> [Input records]
[Start of Attachment]

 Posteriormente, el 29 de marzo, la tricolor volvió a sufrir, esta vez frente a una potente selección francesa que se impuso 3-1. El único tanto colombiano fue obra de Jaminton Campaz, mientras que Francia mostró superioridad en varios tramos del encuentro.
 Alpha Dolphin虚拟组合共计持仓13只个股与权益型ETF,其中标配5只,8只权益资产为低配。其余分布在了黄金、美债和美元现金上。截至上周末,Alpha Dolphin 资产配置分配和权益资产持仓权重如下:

[End of Attachment]
[Start of Attachment]

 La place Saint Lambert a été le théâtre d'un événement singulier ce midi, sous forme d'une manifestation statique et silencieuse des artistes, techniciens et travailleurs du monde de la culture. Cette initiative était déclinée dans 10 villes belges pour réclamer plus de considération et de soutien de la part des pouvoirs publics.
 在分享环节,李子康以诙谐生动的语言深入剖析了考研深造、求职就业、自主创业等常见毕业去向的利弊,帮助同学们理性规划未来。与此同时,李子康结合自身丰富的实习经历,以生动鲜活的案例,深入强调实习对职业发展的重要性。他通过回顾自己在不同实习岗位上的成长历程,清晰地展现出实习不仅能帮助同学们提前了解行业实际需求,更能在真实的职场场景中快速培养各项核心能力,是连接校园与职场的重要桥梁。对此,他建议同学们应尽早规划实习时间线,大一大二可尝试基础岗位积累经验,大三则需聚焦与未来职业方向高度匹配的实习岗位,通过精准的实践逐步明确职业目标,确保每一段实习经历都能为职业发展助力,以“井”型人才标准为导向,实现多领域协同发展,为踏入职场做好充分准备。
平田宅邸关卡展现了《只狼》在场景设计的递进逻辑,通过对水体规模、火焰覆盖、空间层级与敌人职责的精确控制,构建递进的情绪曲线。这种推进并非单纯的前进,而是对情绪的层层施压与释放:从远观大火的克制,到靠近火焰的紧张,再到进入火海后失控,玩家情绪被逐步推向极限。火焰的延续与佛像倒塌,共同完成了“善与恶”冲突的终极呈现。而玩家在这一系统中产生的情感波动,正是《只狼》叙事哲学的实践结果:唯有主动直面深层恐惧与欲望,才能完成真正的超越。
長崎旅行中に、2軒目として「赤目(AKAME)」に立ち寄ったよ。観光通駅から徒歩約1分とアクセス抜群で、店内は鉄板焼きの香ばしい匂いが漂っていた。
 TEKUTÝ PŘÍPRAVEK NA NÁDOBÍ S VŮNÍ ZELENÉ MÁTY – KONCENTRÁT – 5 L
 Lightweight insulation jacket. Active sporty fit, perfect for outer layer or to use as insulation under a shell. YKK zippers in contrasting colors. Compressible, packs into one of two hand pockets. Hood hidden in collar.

[End of Attachment]
[Start of Attachment]

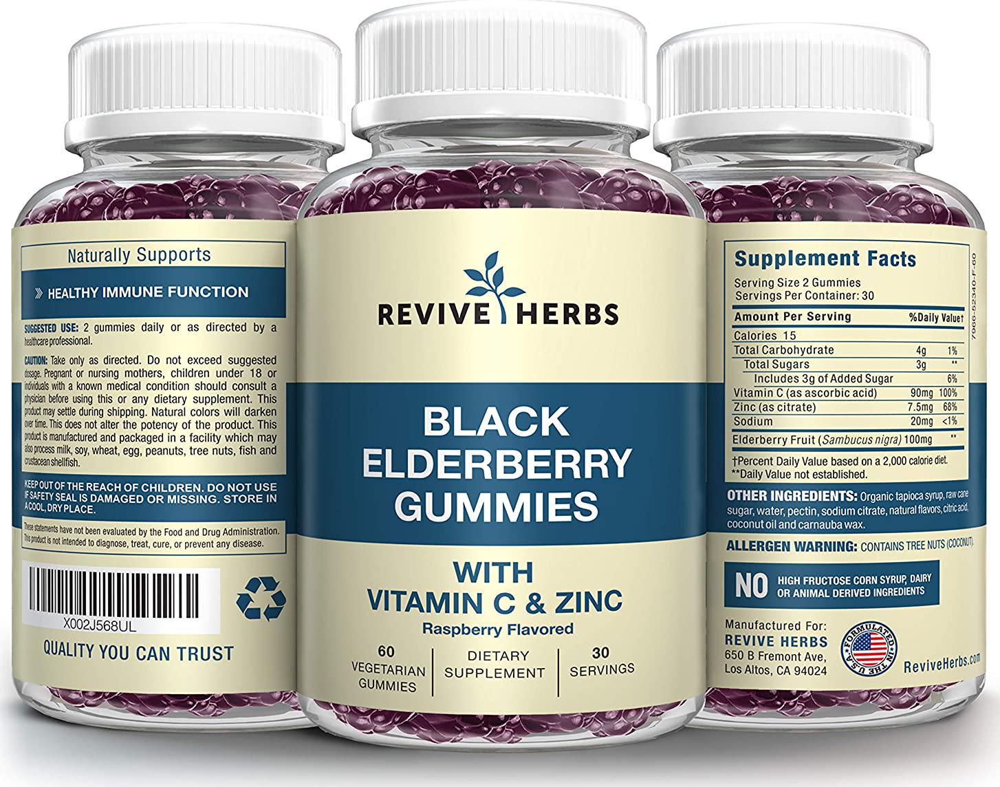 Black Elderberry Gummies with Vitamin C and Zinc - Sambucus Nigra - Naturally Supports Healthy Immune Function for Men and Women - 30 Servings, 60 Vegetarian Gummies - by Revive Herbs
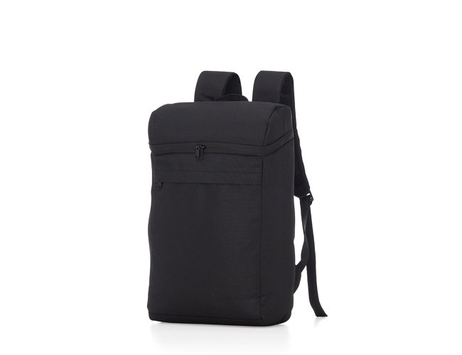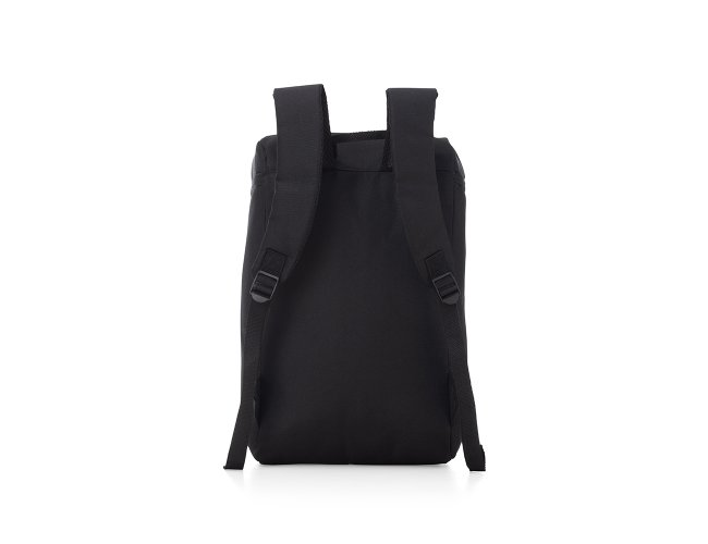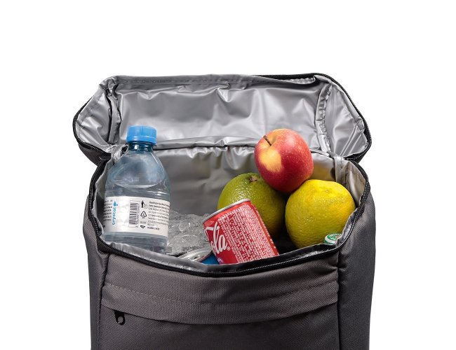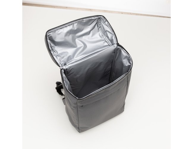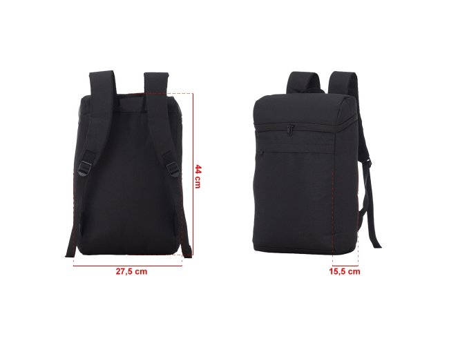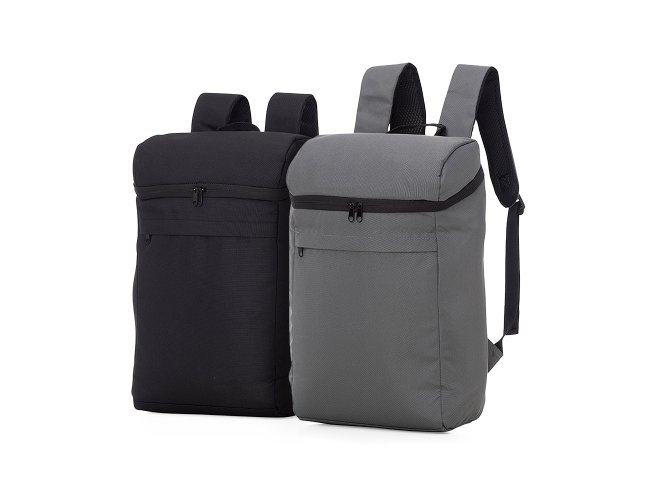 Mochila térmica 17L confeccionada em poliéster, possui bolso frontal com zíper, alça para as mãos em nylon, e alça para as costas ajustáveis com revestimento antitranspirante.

[End of Attachment]

After locating the line with "長崎旅行中に、2軒目として「" in the material above, return it and each line after it exactly, ending at the line with "TEKUTÝ PŘÍPRAVEK NA".

> [Final answer]
長崎旅行中に、2軒目として「赤目(AKAME)」に立ち寄ったよ。観光通駅から徒歩約1分とアクセス抜群で、店内は鉄板焼きの香ばしい匂いが漂っていた。
 TEKUTÝ PŘÍPRAVEK NA NÁDOBÍ S VŮNÍ ZELENÉ MÁTY – KONCENTRÁT – 5 L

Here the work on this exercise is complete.